I am strongly considering to buy a Lenovo Thinkpad Yoga 14 and since I will have to use it for work, I will have to partition it and install Ubuntu.

For this, I am wondering about the current status of Ubuntu for this kind of laptops... Is the installation doable without any problem?

Is the touchscreen totally and completely supported?

Is the 360 degrees rotation working properly in Ubuntu (flipping the desktop, etc.)?

Are there any known major problems?

I'd be glad if you could address me to some reading about this topic, or if you could update me here! Thank you! :)

  • 1
    This is too broad and off-topic as a hardware compatibility question.
    – Pilot6
    Jan 21, 2017 at 18:07
  • 1
    I'm voting to close this question as off-topic because it asks for hardware recommendations.
    – guntbert
    Jan 26, 2017 at 18:31
  • This is asking if particular hardware works, not for hardware recommendations. Nov 20, 2017 at 13:41

5 Answers 5


In my experience, Ubuntu boots fine, however not without issue.

Issues: (as of ubuntu 14.10)

Installation: As with all laptops with Windows 8, (pre-installed), UEFI can be a bit of a pain when installing, but this guide should get you through that with no issue.

Touch Screen: Touch screen works, but there is no multi-touch or scroll support. So for example, when you drag your finger down a website, normally the site would scroll, on Ubuntu it simply clicks the screen repeatedly. This includes the unity dash, which is odd as the interface seems quite touch optimized, but in reality is not.

Rotation: The hinge rotation causes no issues, however the trackpad does not disable itself upon rotation. The accelerometer is not supported as far as I know, so automatic screen rotation does not work either.

Function Keys: The basic function keys work, however not all of them if I remember correctly.
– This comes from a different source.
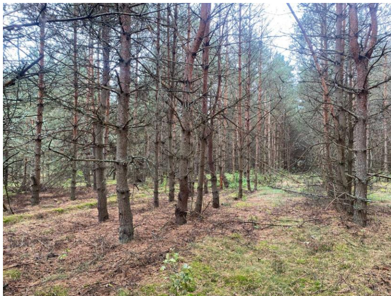
Рис. Б.3. Насадження на ТПП 2. Склад – 7Сз3Бп, вік – 44 роки

The volume rocker and power button on the side of the laptop work, however the screen lock button does not.

NVIDIA Discrete Graphics: Doesn't work out of the box, and will not switch automatically based on the open application, but can be used. Installing nvidia-331 through the Ubuntu repositories will install the necessary drivers, as well as an Nvidia settings panel that includes the option that will allow you to switch between the low power Intel graphics and the NVIDIA graphics card. This does require you to log out and back in to restart the X server before it will take effect.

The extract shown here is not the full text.